George Cruikshank’s Vision of a Gin-Crazed Britain

By Kameron Harrison

A ragged and intoxicated family stands beneath a large archway drinking gin.

George Cruikshank’s 1833 sketch and etching titled, “Pillars of a Ginshop” features the artist’s gruesome account of alcohol’s effect on 19th-century British families. The sketch depicts a family of four–mother, father, son, and daughter–slouched beneath the pillars of a great archway, beyond which lurk ominous and curiously devilish figures partly veiled by smoke. 

Cruikshank’s sketch emphasizes the family’s descent into disarray standing beneath the ginshop’s pillars. The figures of the mother and father are entranced by the cups of gin in their grasp. Their faces are twisted into a slight madness or agitation that leaves them stagnant, nonfunctional. The crazed dependence of the mother and father demonstrate the artist’s interpretation of the behavioral and physical effects of consuming gin. 

“Pillars of a Ginshop,” is one of many George Cruikshank illustrations inspired by the temperance movement, a cause he supported following a lifetime of heavy drinking. After shifting his focus towards temperance, George Cruikshank considers the consequences of submitting to the temptations of alcohol. Beneath the prominent figures of the drunk mother and father stand what could be considered the most disturbing effect of the family’s alcoholic indulgence.

At the side of the mother crouches the daughter, who shields her face with her hands, conveying sadness and distress. At the side of the father stands the son, shoeless, hands in pockets, sketched with an expression of fear and helplessness. George Cruikshank imagines alcohol as an evil which destroys not only individual lives but all lives within the family unit. 

Aside from the wretched family directly beneath the ginshop’s pillars, what lurks beyond the archway offers an interesting depiction of alcohol’s production, or the business of selling alcohol to the public. If we imagine that “The Pillars of a Ginshop” exposes the foundation of alcohol production in 19th-century Britain, the sketch suggests that such a business is built upon the destruction of a dependent and wayward public.

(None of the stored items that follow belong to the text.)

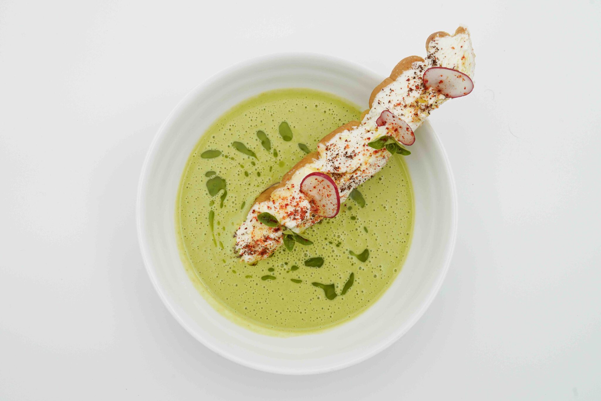 - Flan di piselli con shiitake saltati e pesto di ortiche di Corippo, crema di Sbrinz stagionato 48 mesi
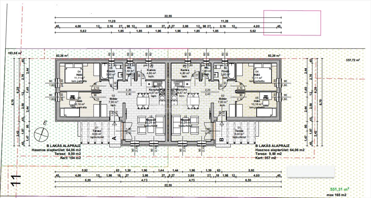 B Lakás - 64, 06 m2, telekméret 357 m2 - ára 50. 900. 000 Ft
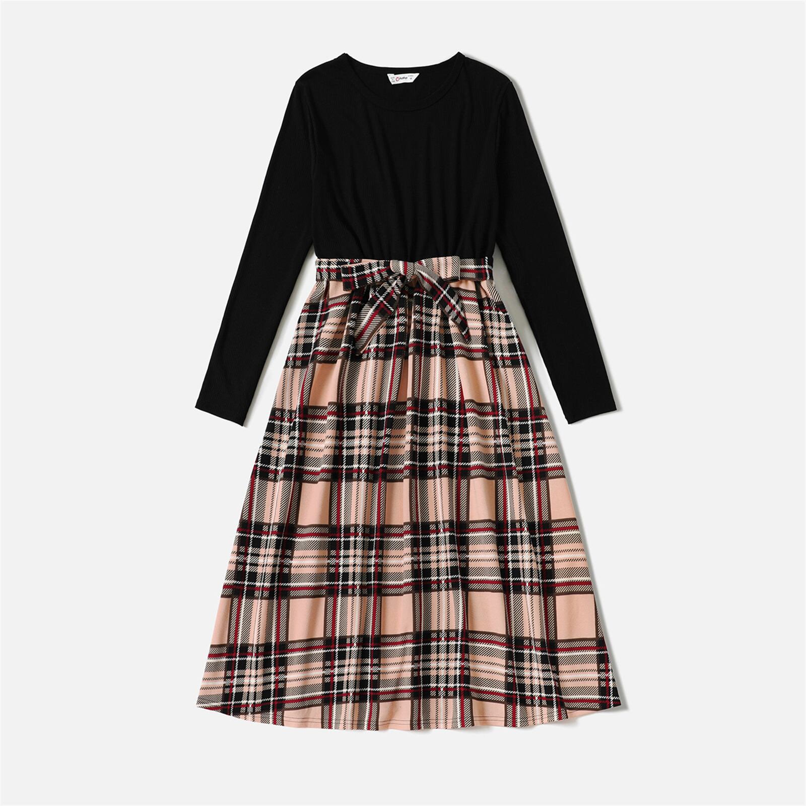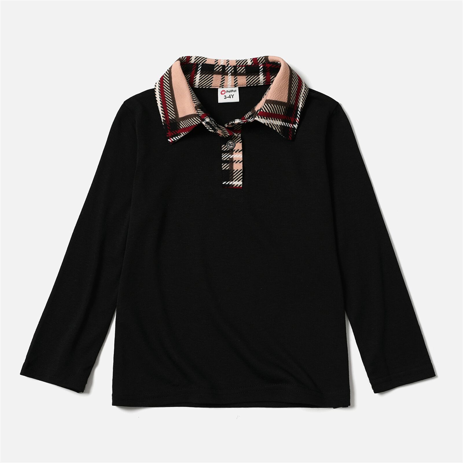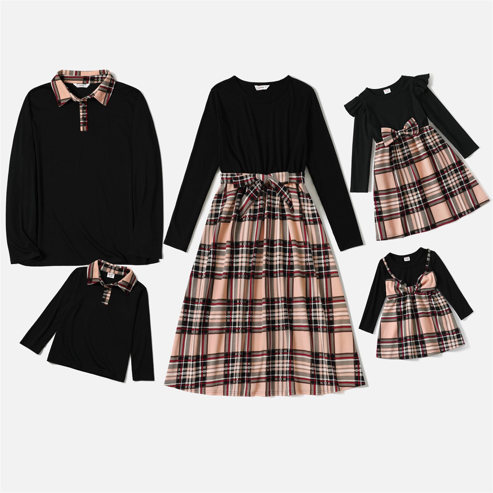 新作 PatPat ファミリー マッチング ブラック 長袖 スプライシング チェック柄ドレスとポロシャツ セット
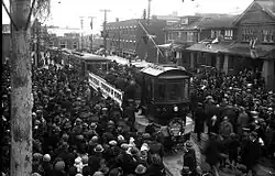 On August 1, 1947, small Peter Witt streetcars replaced the TRC streetcars. On September 7, 1952, PCC streetcars replaced the Peter Witts.[2]
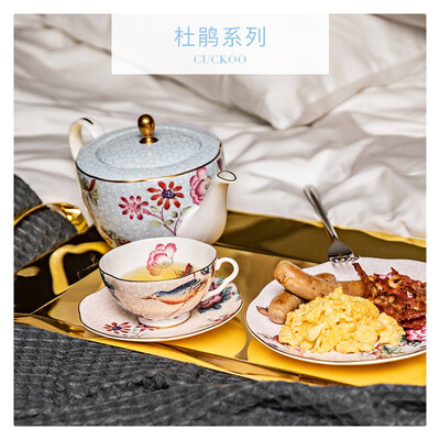杯碟套装的设计,让饮用咖啡更有格调,也是饮茶的不错选择。加入杜鹃以及花朵元素,尽显文艺优雅气息。
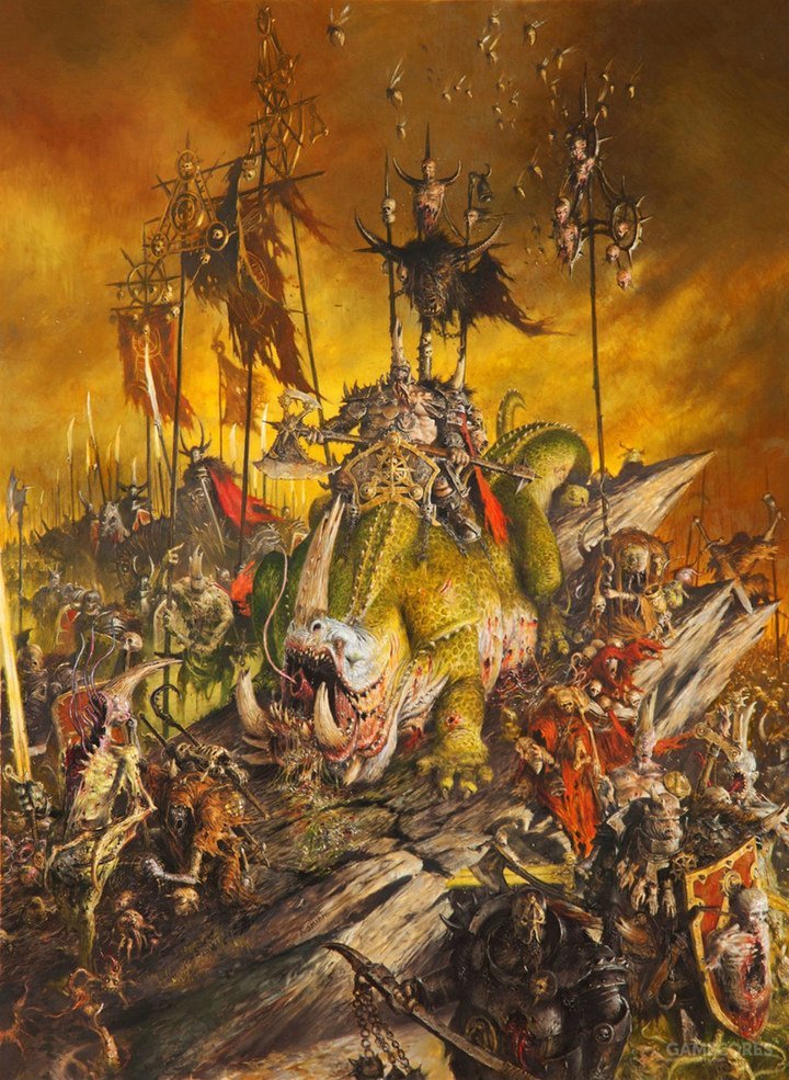 可汗从哪里来,谁都不知道。有人说成为纳垢神选之前是北佬勇士,也有人说他是某个战场疫病与仇恨的集合体,化作蛆虫被纳垢赐福,后来打败某个食人魔领主夺取了其身体,才成为现在我们见到的样子。
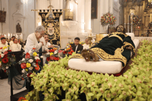 A las cinco de la mañana, en un divino vaivén, el Señor del Viernes Santo, el del Santo Entierro más antiguo de América, era entronizado en su catafalco, rodeado por más de cien varas de orquídeas y otras flores que evocaban las plegarias y promesas de sus devotos.
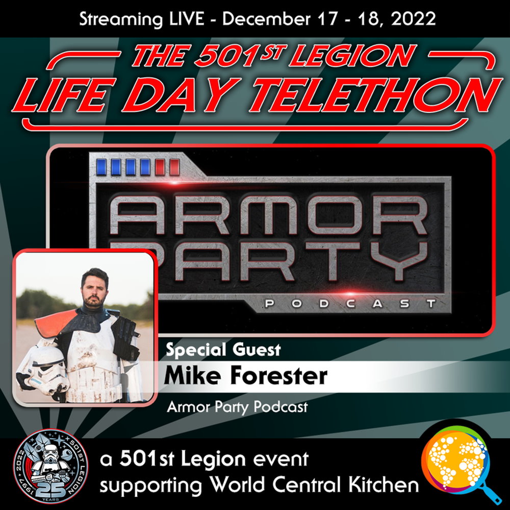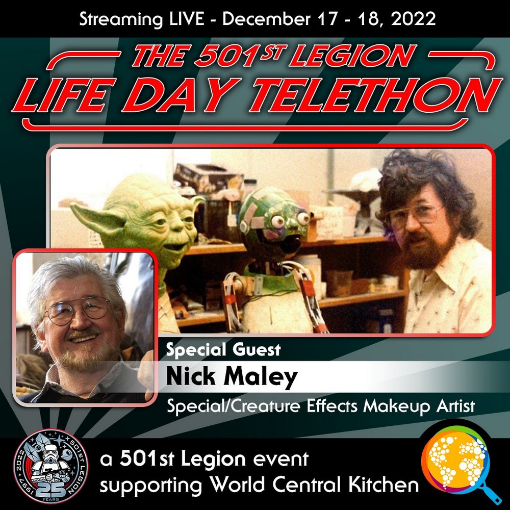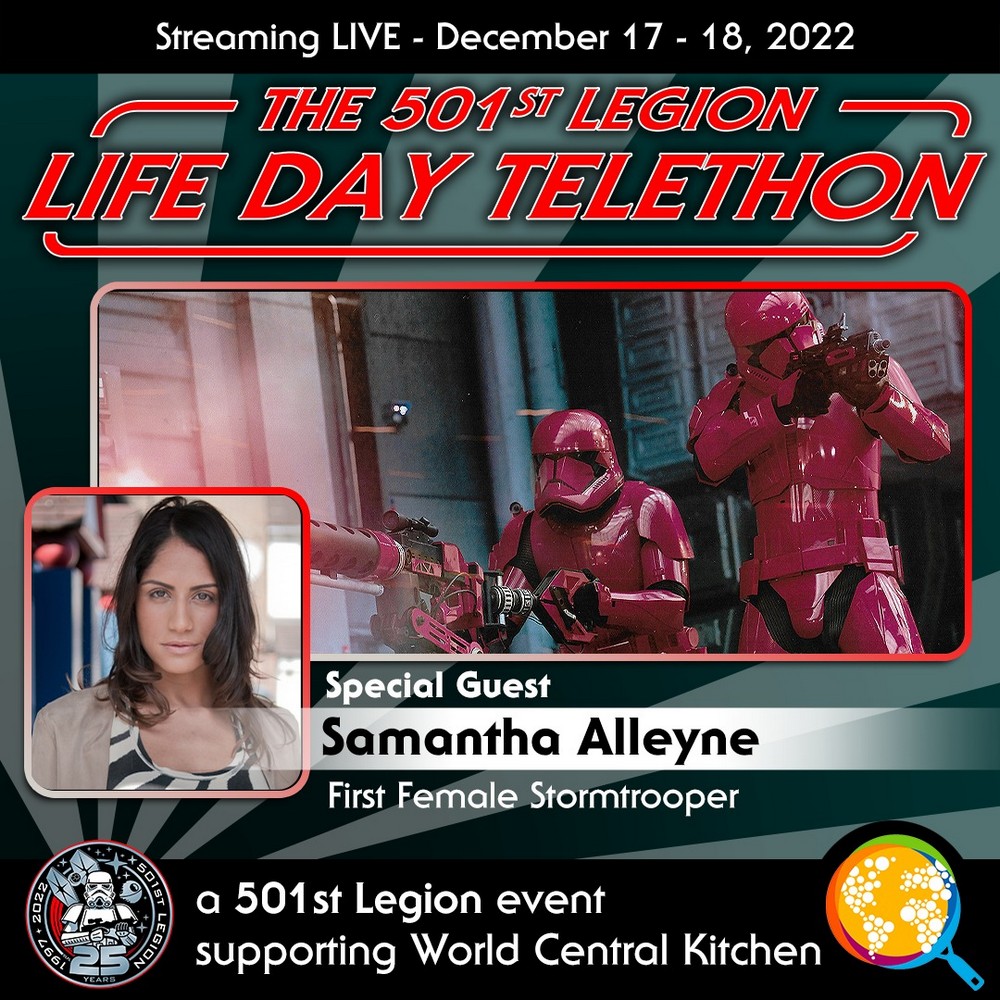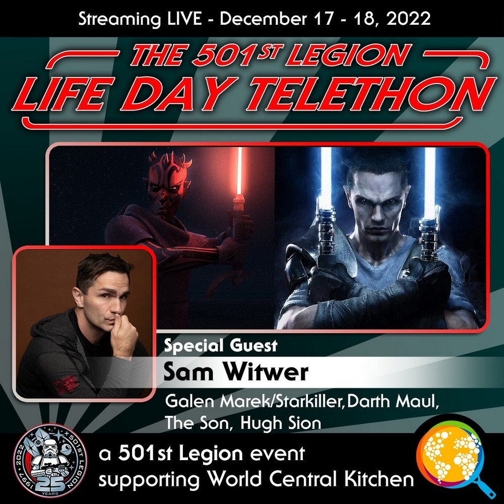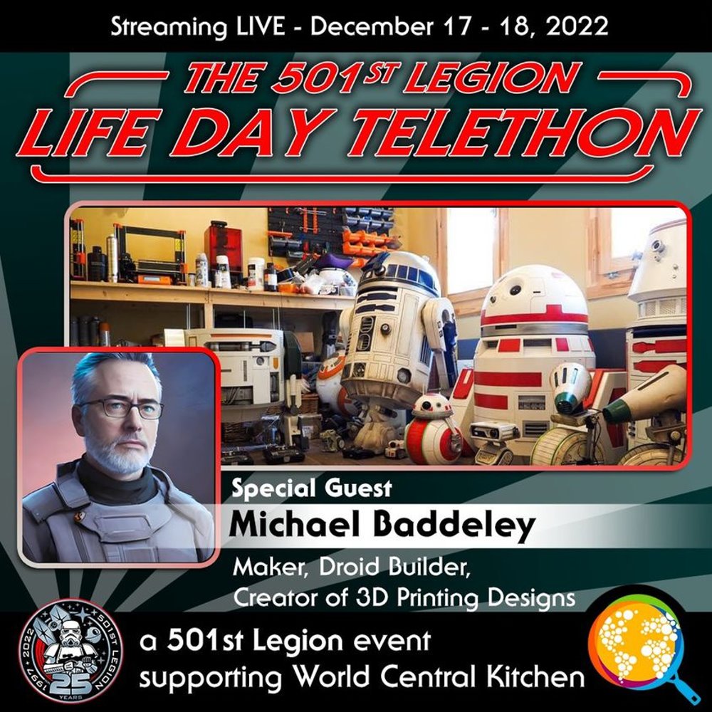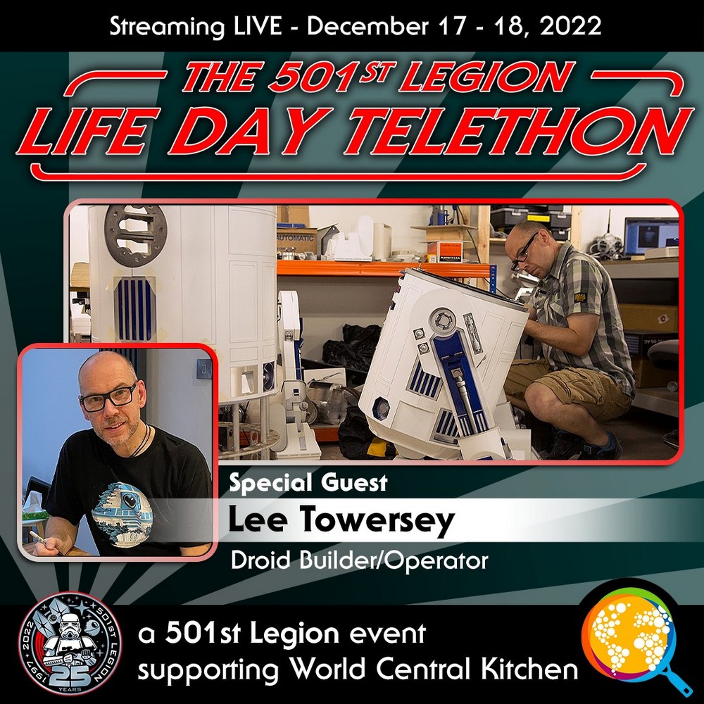Since 1st November and running through to 31st December the 501st Legion have been raising funds for World Central Kitchen, and on the weekend of 17th and 18th December they kick off their 2022 fundraiser, the 501st Legion Life Day Telethon. There are a lot of guests – a LOT of guests – and here’s a look at some of the stars involved in the event, including our very own Mark Newbold who can be heard at 11.00am UK time (6.00am Eastern) on Sunday 18th alongside Farthest From’s Dave Tree, Darth Revan designer John Gallagher and BB-8 performer Brian Herring on the In Our Stockings panel.

However, the figures beyond the archway indicate the family’s helplessness to resist such temptation. Beyond the archway of the ginshop’s pillars, George Cruikshank illuminates the figures of production that make alcohol accessible–figures that operate behind the smoke and shadows of an industrialized city. 

Behind the drunken mother is sketched a dark figure kneeling in front of a large gin barrel which, interestingly, has a face of its own. The dark figure looks over its shoulder past the smoke and shadows towards the family, while its body remains oriented towards the personified barrel. The features of the dark figure include a long and narrow face, pointy ears, two horns which protrude from the forehead, large black eyes, and a sharp smile. 

“Pillars of a Ginshop” is a sketched representation of lower-class Britain’s depravity resulting from their addiction to a product made by the devil himself. Cruikshank constructs a destructive image of Britain reminiscent of Williams Hogarth’s depiction of poor gin-addict families in his famous 1751 work titled, “Gin Lane.”

A large mass of intoxicated people displaying chaos such as a woman dropping her baby, a crowd of people placing a naked woman into a coffin, and a man fighting a dog over a bone.

George Cruikshank embodies a Hogarthian vision of suffering, decay, and evil influence in “Pillars of a Ginshop,” while simultaneously inventing additional creative insight into the forces of production responsible for destroying susceptible citizens. 

Such a devilish portrait of gin’s production displays the strength of the substance’s influence over the people of Britain while, interestingly, absolving alcoholic British families from blame. George Cruikshank plays into many of the same artistic themes found within Hogarth’s “Gin Lane,” but succeeds at expanding more direct objectives of temperance art by peering behind the veil of production that encourages the mass consumption of gin.